**Task data:**

━━━━━━━━━━━━━━━━━━━━━━━━━━━━━━

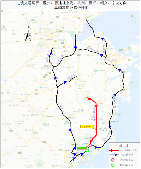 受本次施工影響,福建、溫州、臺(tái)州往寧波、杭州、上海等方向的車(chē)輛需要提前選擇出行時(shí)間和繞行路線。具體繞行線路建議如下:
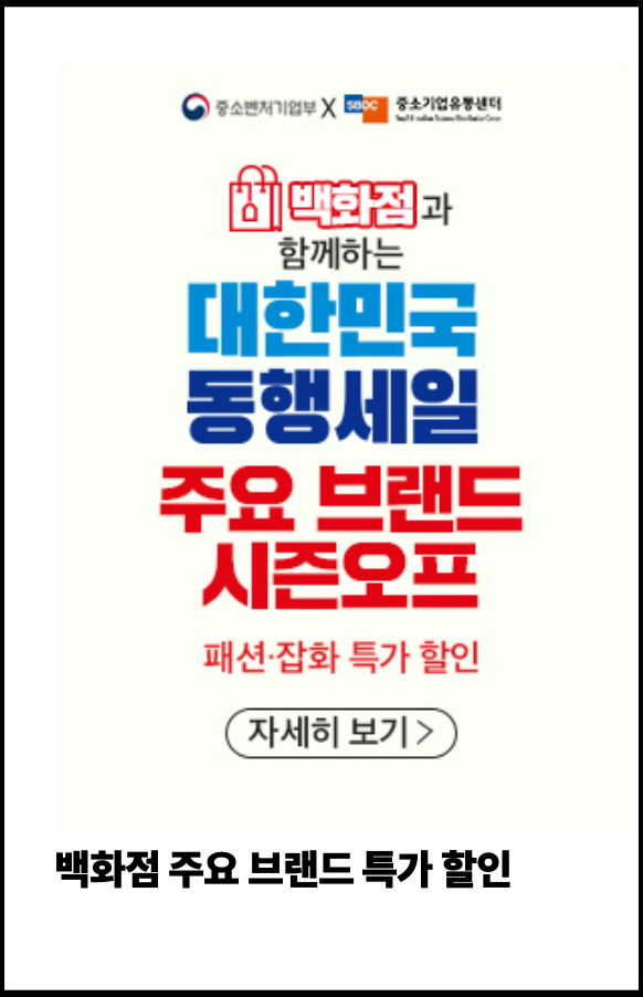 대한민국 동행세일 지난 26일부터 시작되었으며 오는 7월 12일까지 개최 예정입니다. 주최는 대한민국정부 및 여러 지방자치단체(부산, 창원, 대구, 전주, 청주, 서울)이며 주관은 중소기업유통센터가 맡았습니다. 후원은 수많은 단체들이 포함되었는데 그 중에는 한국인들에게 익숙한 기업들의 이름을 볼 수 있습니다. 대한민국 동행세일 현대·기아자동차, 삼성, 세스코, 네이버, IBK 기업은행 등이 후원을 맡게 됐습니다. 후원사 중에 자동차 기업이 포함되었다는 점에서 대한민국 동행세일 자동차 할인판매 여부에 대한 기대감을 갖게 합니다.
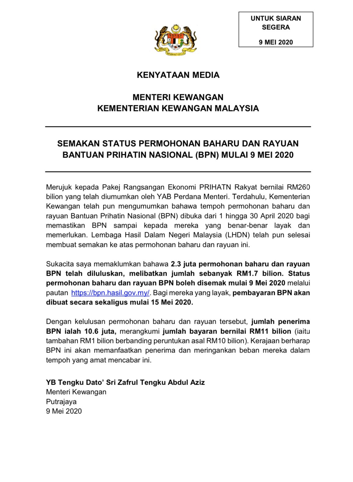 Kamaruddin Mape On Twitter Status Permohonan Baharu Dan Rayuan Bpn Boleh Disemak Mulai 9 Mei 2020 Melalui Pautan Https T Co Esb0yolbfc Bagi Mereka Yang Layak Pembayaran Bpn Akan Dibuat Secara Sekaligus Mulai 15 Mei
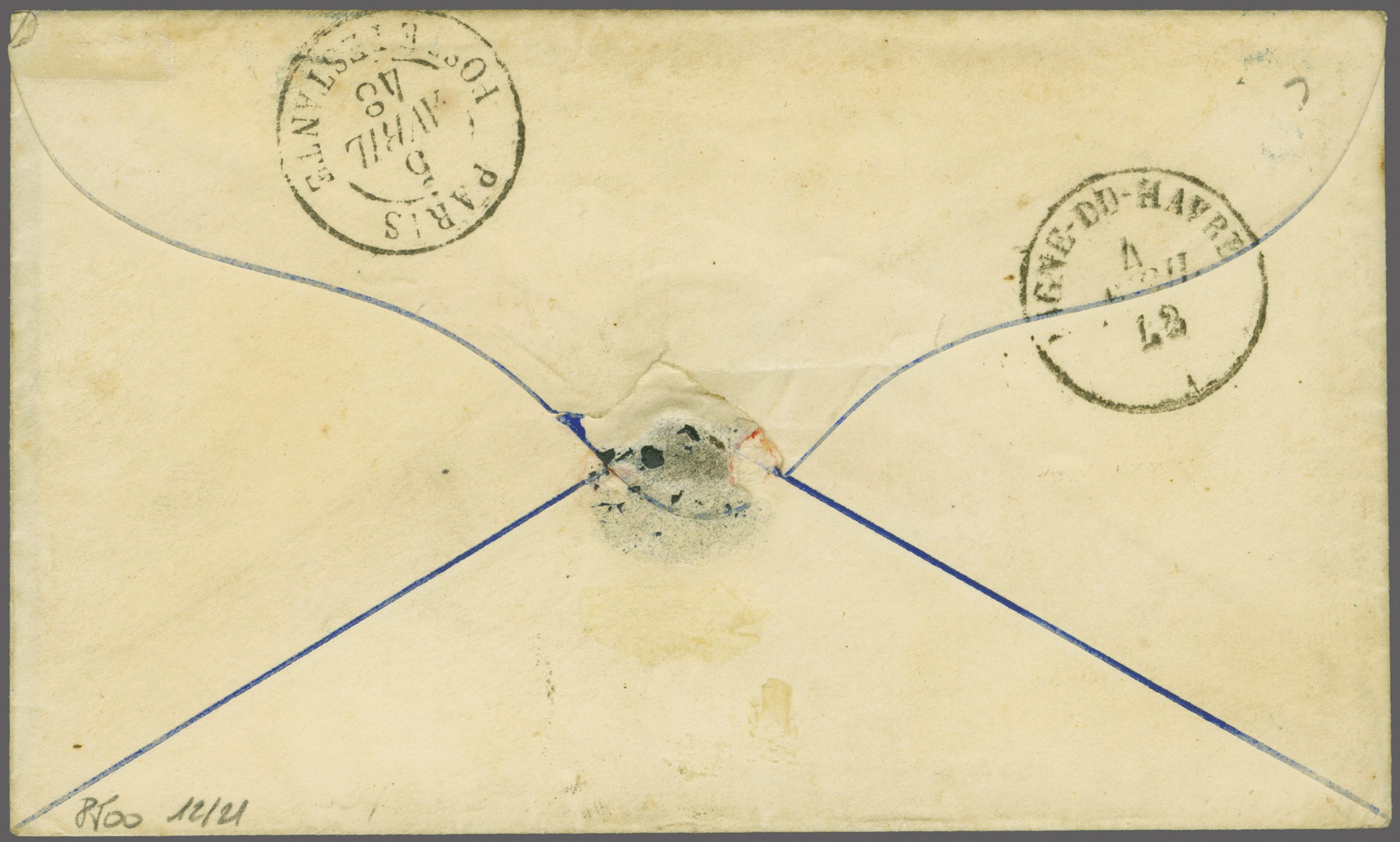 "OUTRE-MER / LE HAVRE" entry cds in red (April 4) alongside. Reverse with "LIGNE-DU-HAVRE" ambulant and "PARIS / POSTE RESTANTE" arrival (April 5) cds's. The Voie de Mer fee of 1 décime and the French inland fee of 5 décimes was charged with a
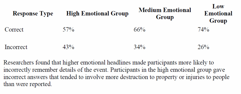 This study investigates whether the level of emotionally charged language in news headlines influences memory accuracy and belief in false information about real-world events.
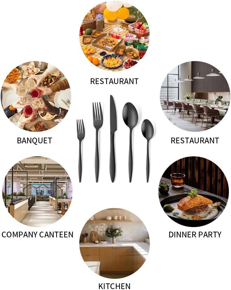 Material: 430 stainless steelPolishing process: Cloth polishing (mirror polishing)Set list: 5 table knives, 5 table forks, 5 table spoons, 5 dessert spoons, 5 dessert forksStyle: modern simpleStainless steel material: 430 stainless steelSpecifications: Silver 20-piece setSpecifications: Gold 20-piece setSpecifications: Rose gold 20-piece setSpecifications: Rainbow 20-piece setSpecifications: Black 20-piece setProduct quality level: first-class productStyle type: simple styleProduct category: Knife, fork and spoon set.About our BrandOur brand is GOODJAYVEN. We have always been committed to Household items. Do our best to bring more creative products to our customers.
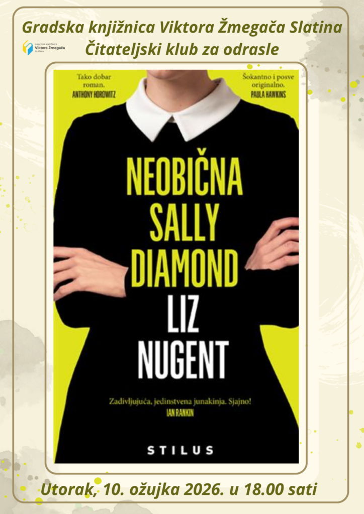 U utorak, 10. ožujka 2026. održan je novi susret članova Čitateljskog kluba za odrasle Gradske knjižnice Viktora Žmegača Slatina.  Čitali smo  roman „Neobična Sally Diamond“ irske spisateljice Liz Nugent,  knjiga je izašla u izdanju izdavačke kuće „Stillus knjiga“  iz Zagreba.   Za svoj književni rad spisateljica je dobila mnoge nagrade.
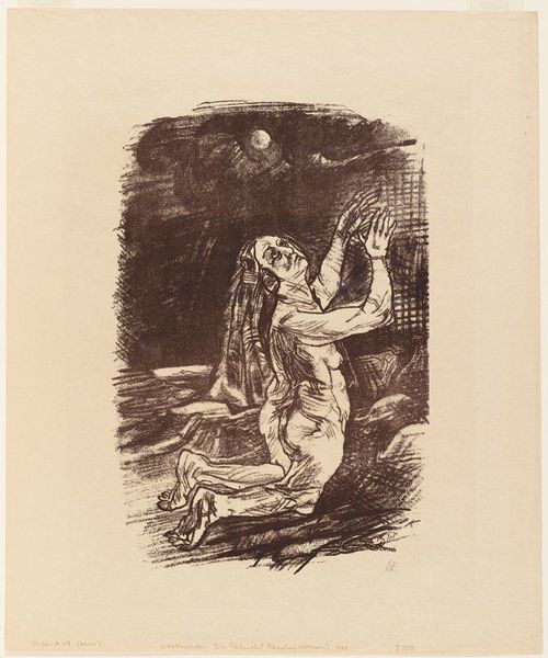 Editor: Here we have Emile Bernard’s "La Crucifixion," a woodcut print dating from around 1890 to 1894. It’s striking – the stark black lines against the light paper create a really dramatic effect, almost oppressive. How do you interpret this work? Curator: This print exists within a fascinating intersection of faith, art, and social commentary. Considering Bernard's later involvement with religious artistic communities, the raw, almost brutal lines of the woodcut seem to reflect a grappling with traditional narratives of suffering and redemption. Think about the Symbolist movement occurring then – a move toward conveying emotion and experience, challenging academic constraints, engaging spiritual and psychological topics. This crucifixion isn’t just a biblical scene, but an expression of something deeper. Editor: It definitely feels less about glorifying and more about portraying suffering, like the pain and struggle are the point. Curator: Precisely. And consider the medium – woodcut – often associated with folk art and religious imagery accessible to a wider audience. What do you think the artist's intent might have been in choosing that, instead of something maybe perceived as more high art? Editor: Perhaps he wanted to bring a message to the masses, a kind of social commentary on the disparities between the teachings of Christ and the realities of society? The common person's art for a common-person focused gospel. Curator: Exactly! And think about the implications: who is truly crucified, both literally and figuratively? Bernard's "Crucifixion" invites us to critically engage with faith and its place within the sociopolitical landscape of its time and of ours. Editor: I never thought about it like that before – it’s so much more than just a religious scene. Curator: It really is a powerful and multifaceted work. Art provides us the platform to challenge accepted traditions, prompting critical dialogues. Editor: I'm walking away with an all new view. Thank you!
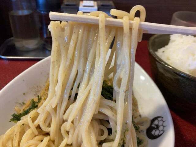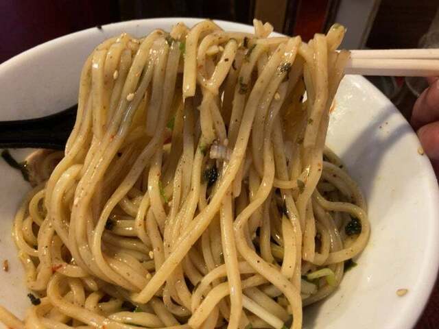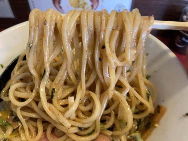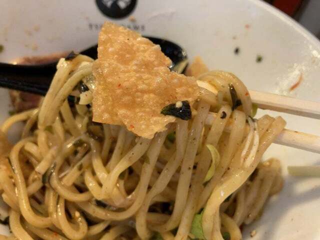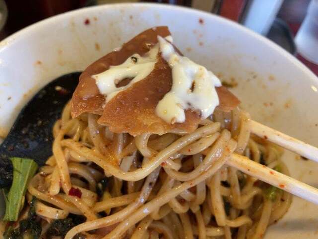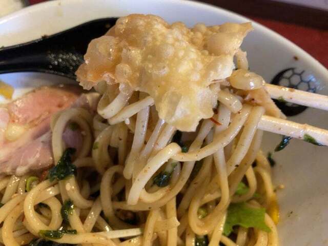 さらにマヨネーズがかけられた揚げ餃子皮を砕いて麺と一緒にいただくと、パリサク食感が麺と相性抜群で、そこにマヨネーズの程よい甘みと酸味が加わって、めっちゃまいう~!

━━━━━━━━━━━━━━━━━━━━━━━━━━━━━━

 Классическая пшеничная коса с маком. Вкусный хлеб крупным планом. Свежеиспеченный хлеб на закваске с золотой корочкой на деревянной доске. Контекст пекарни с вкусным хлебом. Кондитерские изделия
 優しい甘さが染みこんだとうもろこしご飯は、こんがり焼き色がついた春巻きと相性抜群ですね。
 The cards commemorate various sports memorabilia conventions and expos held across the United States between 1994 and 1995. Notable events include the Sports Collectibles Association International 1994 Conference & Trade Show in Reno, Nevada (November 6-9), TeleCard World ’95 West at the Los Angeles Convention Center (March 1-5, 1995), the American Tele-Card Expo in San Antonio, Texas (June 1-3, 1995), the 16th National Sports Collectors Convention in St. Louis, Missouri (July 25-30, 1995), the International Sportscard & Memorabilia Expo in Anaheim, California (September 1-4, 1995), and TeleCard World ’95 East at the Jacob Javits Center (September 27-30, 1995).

━━━━━━━━━━━━━━━━━━━━━━━━━━━━━━

**About this exercise:** Beginning with the line above that has "受本次施工影響,福建、溫州、" and going on through the line that has "대한민국 동행세일 지난", retype every line exactly and add nothing else; drop the pictures.

**Response to this exercise:**
 受本次施工影響,福建、溫州、臺(tái)州往寧波、杭州、上海等方向的車(chē)輛需要提前選擇出行時(shí)間和繞行路線。具體繞行線路建議如下:
 대한민국 동행세일 지난 26일부터 시작되었으며 오는 7월 12일까지 개최 예정입니다. 주최는 대한민국정부 및 여러 지방자치단체(부산, 창원, 대구, 전주, 청주, 서울)이며 주관은 중소기업유통센터가 맡았습니다. 후원은 수많은 단체들이 포함되었는데 그 중에는 한국인들에게 익숙한 기업들의 이름을 볼 수 있습니다. 대한민국 동행세일 현대·기아자동차, 삼성, 세스코, 네이버, IBK 기업은행 등이 후원을 맡게 됐습니다. 후원사 중에 자동차 기업이 포함되었다는 점에서 대한민국 동행세일 자동차 할인판매 여부에 대한 기대감을 갖게 합니다.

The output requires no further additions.